The EU's investment bank said Monday it sees no need for new projects in Greece, focusing its efforts elsewhere to get the European economy back on track. Greece is desperate for investment as it tries to renegotiate a painful bailout programme with its international creditors, pressing them to give Athens more leeway to boost the economy.
"For the moment, I do not see any new projects," European Investment Bank head Werner Hoyer said as he released the EIB's 2014 annual report. The EIB already had "quite significant" exposure to Greece at 16.9 billion euros, equal to more than nine percent of the country's annual economic output, Hoyer said. "This is a very high number," he said, stressing that it was "a 'no-go area' for this bank to go into weak projects."

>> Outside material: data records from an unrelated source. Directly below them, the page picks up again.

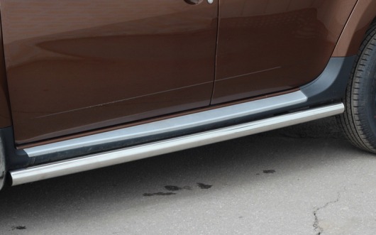 Пороги на Renault Duster – это боковые подножки из нержавеющей стали диаметром 60 мм, которые позволяют более комфортно входить и выходить из салона автомобиля. Подножки Renault Duster очень прочные, надежные и долговечные: они не боятся коррозии, сколов и царапин и выдерживают большие нагрузки.
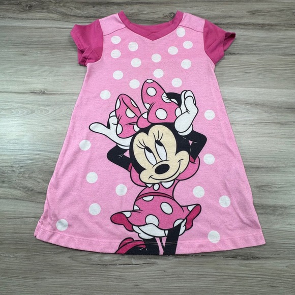 Disney Minnie Mouse Pink Polka Dot Nightgown Pajama Dress Kids Size 4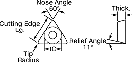 | Insert Code | Inscribed Circle Diameter (IC) | Thick. | Cutting Edge Lg. | Tip Radius | For Tool Bit Code | Each | Pkg. Qty. | Pkg. | ||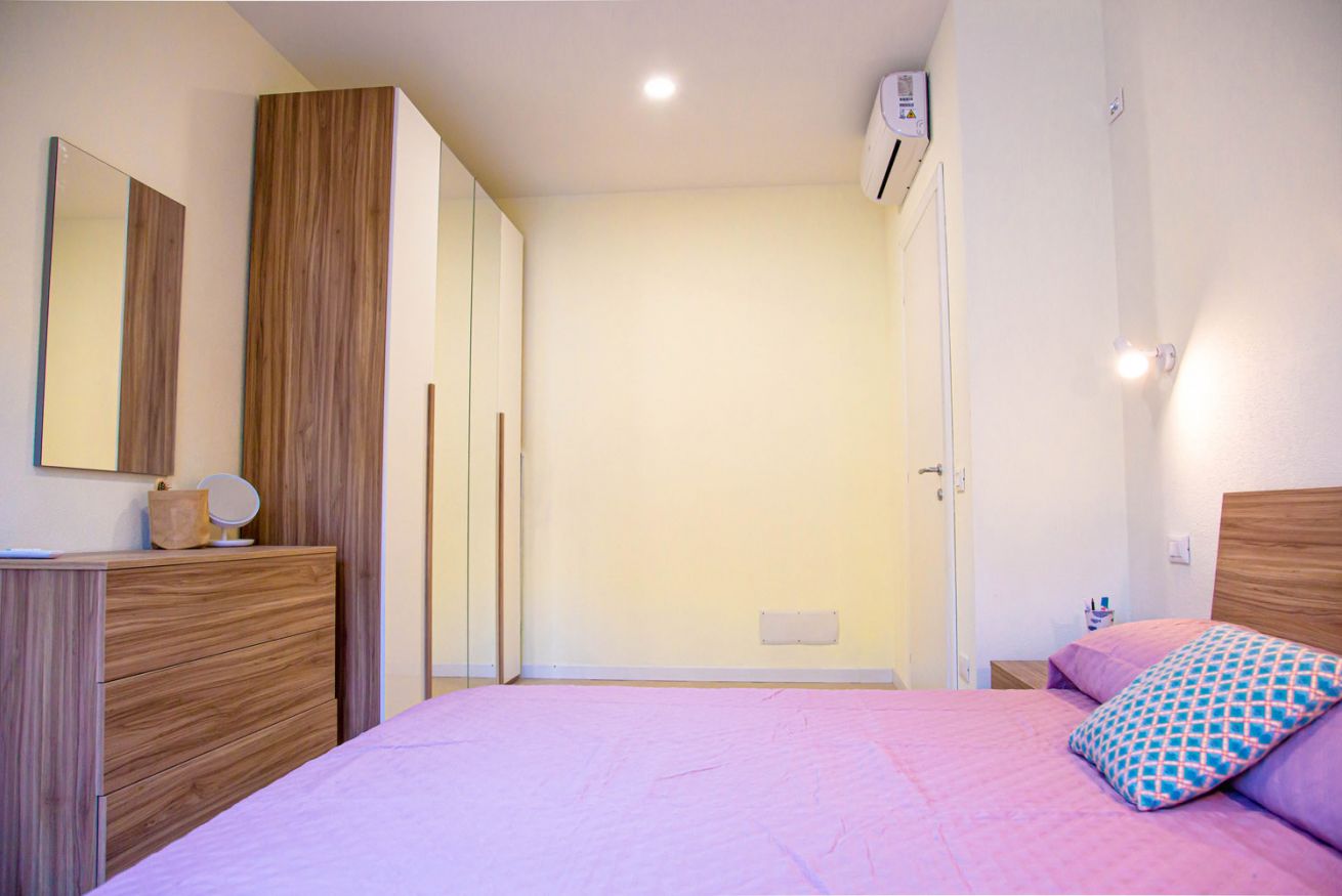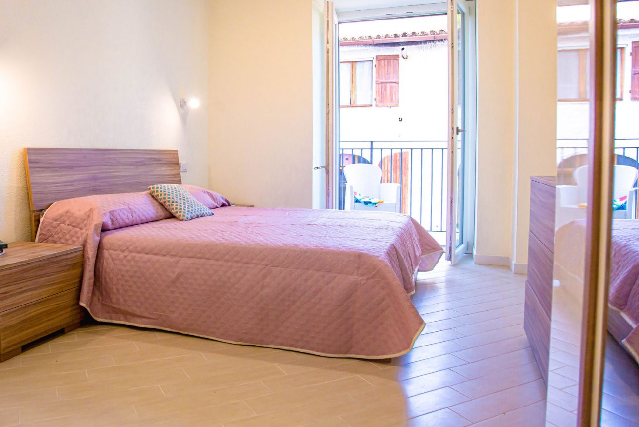 La camera da letto matrimoniale e dotata di balcone , ampio guardaroba, specchio e cassettiera.

Hoyer said he wished Athens well it its bid to get a new deal with its creditors, saying Greece had made huge progress since he grew up there as a child when it was ruled by a "bloody dictatorship." European Union leaders approved an ambitious investment plan in December worth 315 billion euros which the EIB will manage to give the economy a much-needed boost between now and 2017.
Hoyer said there was plenty of investment capital available but companies and banks were unwilling to take on any additional risk after the painful lessons of the 2008 global financial crisis. The EIB would identify projects, aiming to give them its seal of approval and so encourage the private sector to take the plunge, he said. "We need to enhance growth and boost employment in a sustainable way. Our objective is not profit."